### SOURCE DATA
· · · · ·
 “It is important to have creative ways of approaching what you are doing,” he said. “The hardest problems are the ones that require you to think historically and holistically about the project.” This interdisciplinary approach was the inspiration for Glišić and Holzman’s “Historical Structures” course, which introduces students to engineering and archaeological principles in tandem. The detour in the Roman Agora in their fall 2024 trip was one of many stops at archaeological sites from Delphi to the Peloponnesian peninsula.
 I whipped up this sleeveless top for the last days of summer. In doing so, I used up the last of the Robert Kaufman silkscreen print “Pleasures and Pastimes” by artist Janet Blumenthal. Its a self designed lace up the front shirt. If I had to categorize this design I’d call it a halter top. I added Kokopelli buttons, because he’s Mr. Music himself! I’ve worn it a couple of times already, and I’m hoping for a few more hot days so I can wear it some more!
· · · · ·
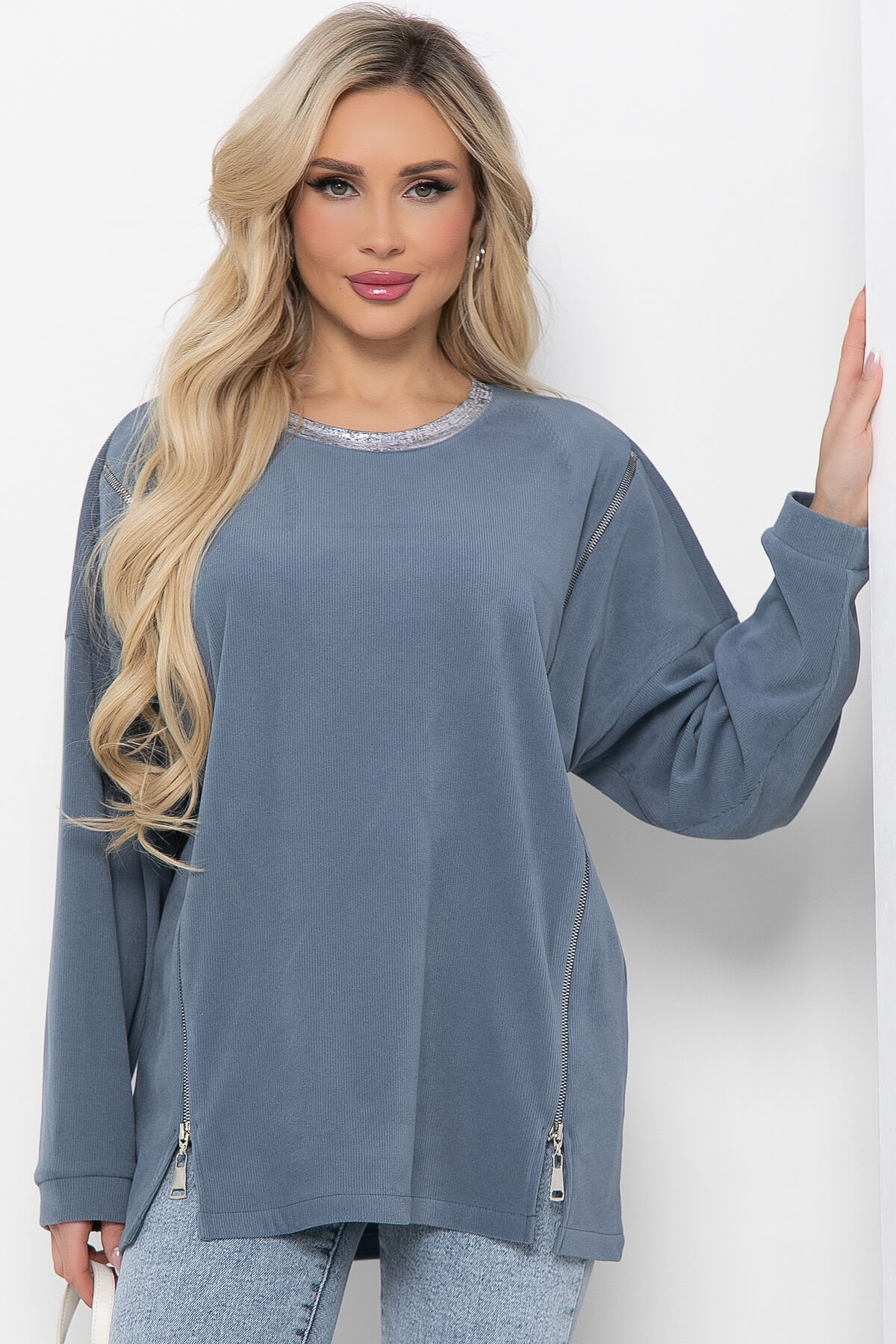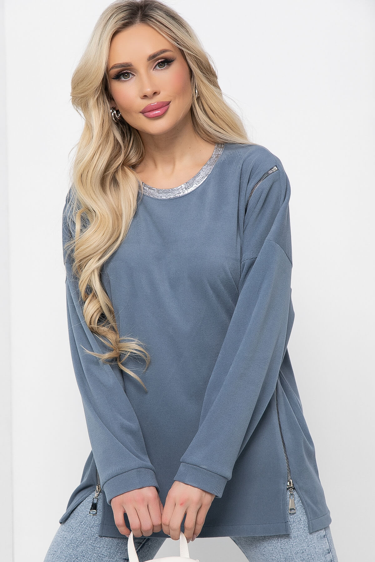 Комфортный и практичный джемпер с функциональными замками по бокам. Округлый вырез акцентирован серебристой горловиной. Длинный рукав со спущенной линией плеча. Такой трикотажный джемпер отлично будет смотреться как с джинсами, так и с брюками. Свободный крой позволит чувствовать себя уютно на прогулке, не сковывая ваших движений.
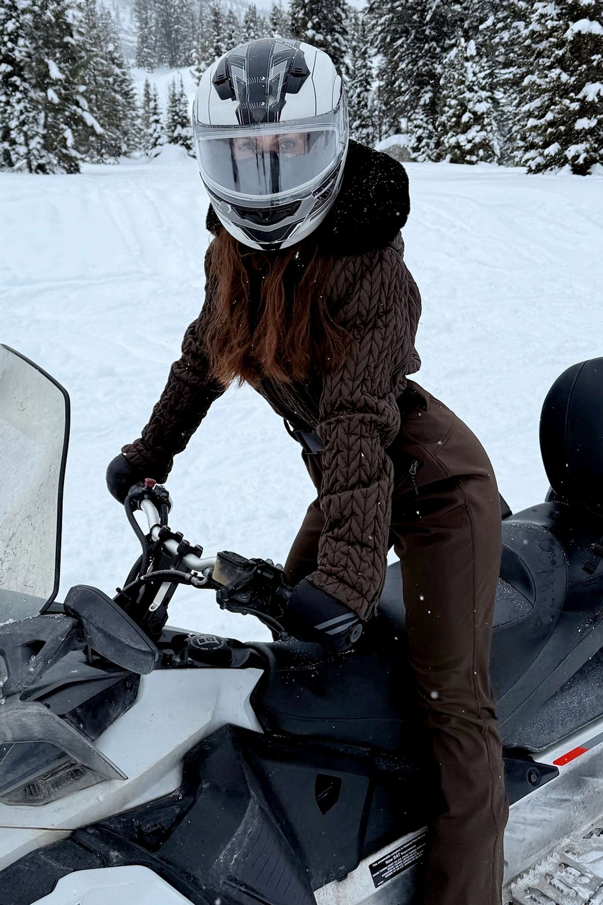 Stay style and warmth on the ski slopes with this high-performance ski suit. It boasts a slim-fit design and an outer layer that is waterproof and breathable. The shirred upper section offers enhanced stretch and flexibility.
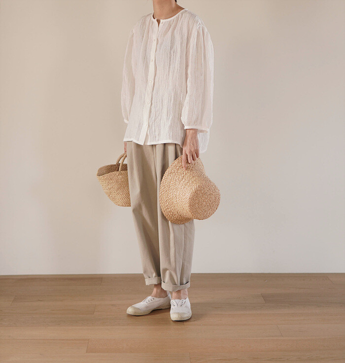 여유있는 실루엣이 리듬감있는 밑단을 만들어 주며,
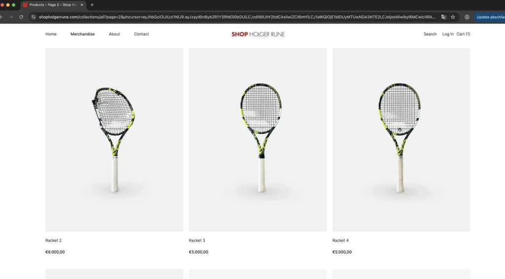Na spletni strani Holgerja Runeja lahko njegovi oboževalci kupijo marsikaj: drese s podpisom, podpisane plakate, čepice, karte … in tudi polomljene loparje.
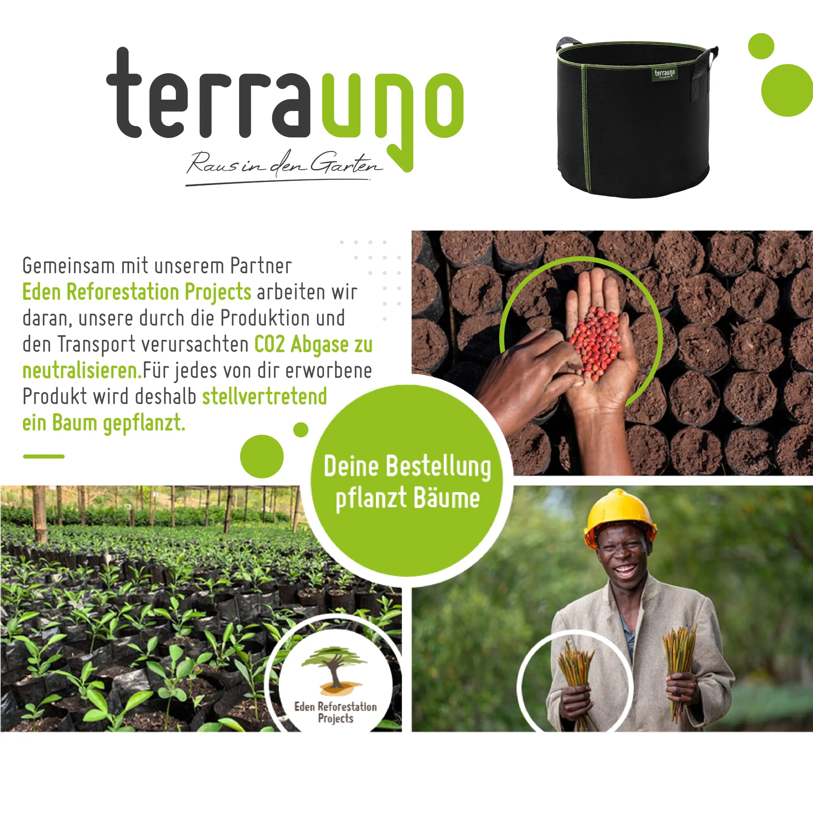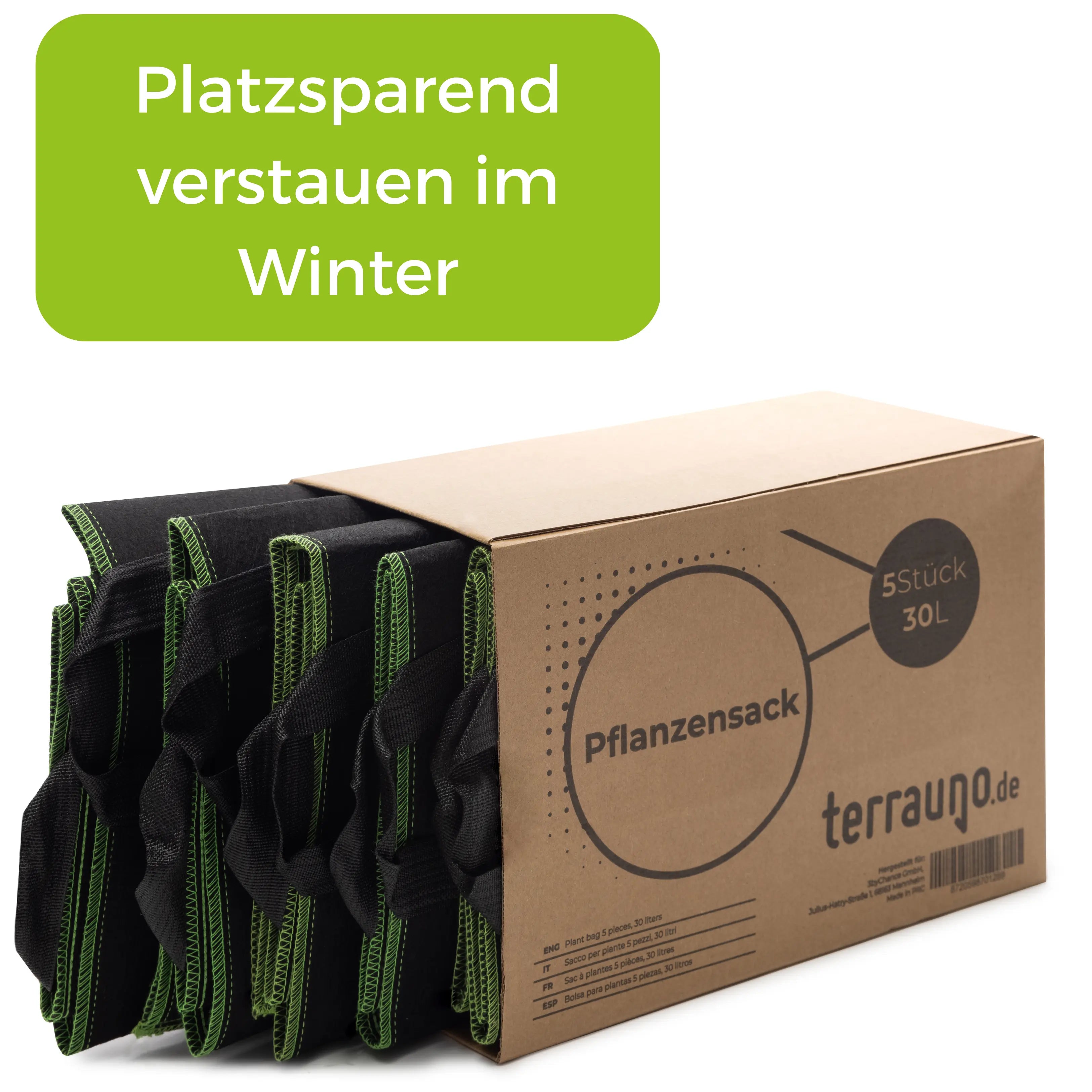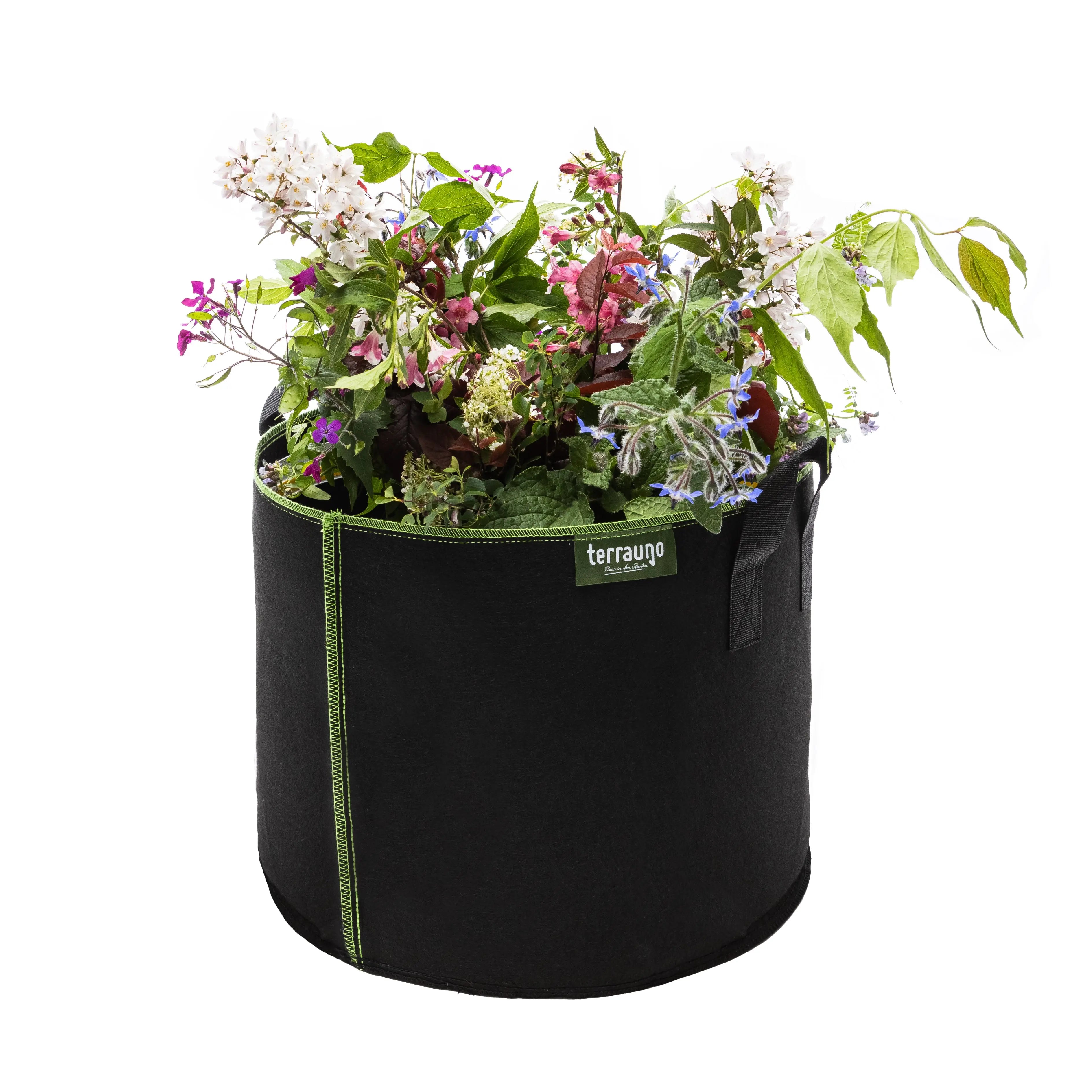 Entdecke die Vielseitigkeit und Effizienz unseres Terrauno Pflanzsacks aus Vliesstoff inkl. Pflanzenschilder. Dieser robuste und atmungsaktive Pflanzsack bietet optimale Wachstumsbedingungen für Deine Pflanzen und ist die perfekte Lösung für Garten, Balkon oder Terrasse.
· · · · ·
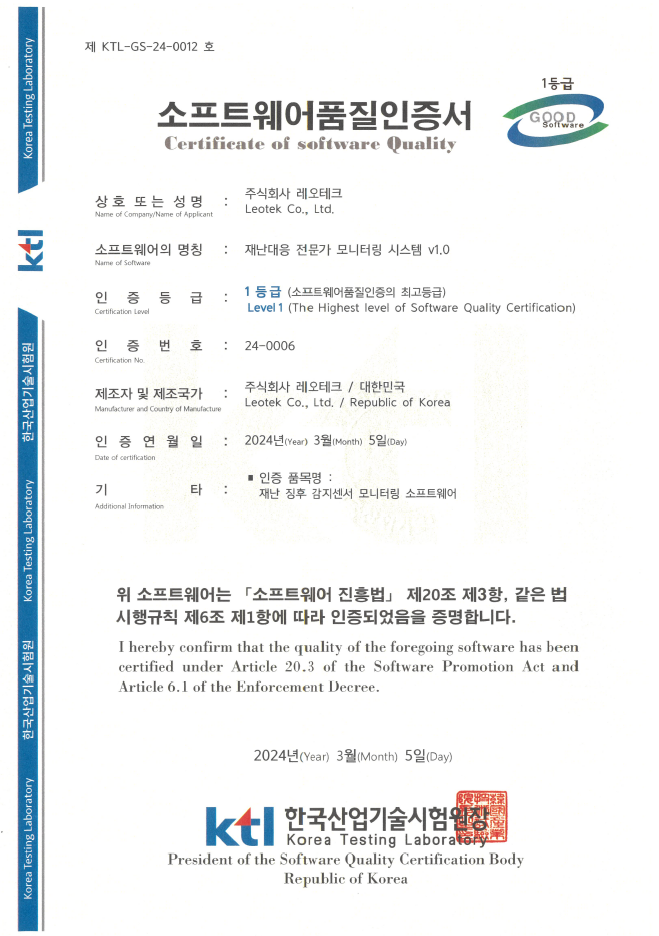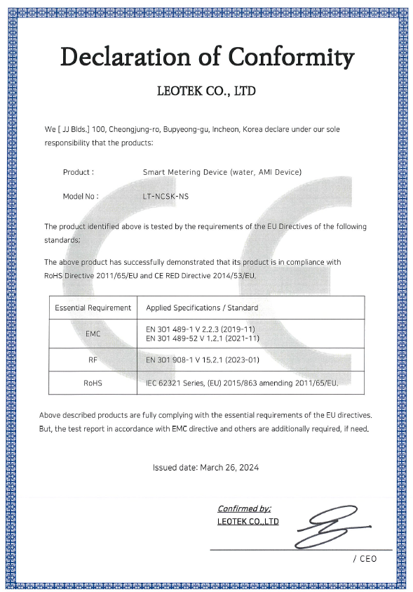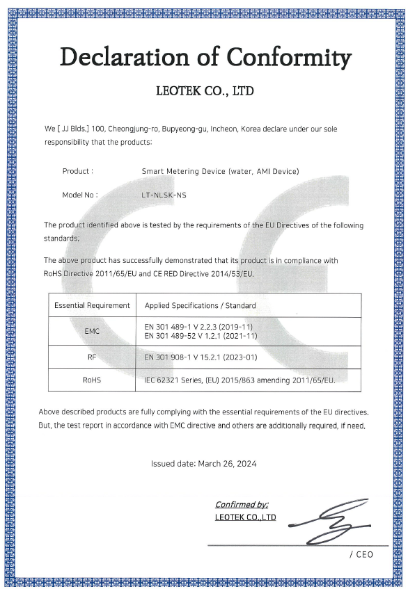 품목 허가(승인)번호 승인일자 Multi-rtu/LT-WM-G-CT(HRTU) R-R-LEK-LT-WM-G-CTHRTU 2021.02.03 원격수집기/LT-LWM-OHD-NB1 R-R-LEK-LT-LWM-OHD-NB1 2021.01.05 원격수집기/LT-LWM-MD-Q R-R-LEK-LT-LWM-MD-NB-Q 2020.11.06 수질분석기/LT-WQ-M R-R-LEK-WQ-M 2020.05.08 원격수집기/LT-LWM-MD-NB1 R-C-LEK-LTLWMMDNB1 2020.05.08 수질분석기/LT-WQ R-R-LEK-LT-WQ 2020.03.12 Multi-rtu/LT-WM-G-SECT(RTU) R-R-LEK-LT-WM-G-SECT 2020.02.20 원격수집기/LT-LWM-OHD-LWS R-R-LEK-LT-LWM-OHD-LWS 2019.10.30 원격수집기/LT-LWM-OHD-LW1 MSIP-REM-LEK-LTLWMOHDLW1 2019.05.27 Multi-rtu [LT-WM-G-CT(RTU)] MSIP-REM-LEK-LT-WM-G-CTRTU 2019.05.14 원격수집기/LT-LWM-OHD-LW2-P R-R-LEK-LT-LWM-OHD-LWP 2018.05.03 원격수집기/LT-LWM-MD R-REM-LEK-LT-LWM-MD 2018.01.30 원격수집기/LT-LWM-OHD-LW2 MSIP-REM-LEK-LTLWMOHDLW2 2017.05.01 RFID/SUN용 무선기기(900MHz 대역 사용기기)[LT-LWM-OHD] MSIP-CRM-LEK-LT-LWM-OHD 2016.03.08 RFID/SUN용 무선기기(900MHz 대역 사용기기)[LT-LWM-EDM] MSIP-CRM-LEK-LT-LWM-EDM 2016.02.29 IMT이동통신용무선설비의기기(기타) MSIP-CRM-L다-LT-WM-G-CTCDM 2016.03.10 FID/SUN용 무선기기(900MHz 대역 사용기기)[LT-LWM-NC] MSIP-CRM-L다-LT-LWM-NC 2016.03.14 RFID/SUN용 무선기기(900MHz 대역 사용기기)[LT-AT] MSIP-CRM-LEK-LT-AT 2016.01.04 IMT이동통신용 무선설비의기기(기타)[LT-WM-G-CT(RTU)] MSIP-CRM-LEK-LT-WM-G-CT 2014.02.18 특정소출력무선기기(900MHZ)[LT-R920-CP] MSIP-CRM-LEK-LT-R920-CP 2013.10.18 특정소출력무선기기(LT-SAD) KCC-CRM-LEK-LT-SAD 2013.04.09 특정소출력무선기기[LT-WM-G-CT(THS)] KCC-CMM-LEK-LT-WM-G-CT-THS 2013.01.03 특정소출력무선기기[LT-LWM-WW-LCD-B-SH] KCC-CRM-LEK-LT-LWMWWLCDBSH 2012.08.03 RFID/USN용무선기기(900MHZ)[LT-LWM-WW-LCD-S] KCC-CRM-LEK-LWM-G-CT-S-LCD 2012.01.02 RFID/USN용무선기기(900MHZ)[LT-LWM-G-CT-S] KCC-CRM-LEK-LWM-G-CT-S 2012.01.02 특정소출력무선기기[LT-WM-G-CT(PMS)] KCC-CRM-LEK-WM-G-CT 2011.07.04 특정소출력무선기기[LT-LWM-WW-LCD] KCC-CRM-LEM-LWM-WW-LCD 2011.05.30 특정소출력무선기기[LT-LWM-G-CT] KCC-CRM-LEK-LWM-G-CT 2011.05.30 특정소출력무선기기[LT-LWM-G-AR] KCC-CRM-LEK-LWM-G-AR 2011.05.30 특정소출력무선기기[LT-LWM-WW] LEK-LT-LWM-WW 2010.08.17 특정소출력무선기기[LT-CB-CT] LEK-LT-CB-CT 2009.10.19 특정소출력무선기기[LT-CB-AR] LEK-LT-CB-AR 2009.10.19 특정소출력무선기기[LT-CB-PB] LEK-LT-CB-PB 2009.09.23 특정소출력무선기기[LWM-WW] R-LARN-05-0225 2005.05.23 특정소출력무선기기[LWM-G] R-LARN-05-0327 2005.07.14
· · · · ·
### THE TASK
Every line of the material above that includes the string "doing" is required.

### OUTPUT FOR THIS TASK
 “It is important to have creative ways of approaching what you are doing,” he said. “The hardest problems are the ones that require you to think historically and holistically about the project.” This interdisciplinary approach was the inspiration for Glišić and Holzman’s “Historical Structures” course, which introduces students to engineering and archaeological principles in tandem. The detour in the Roman Agora in their fall 2024 trip was one of many stops at archaeological sites from Delphi to the Peloponnesian peninsula.
 I whipped up this sleeveless top for the last days of summer. In doing so, I used up the last of the Robert Kaufman silkscreen print “Pleasures and Pastimes” by artist Janet Blumenthal. Its a self designed lace up the front shirt. If I had to categorize this design I’d call it a halter top. I added Kokopelli buttons, because he’s Mr. Music himself! I’ve worn it a couple of times already, and I’m hoping for a few more hot days so I can wear it some more!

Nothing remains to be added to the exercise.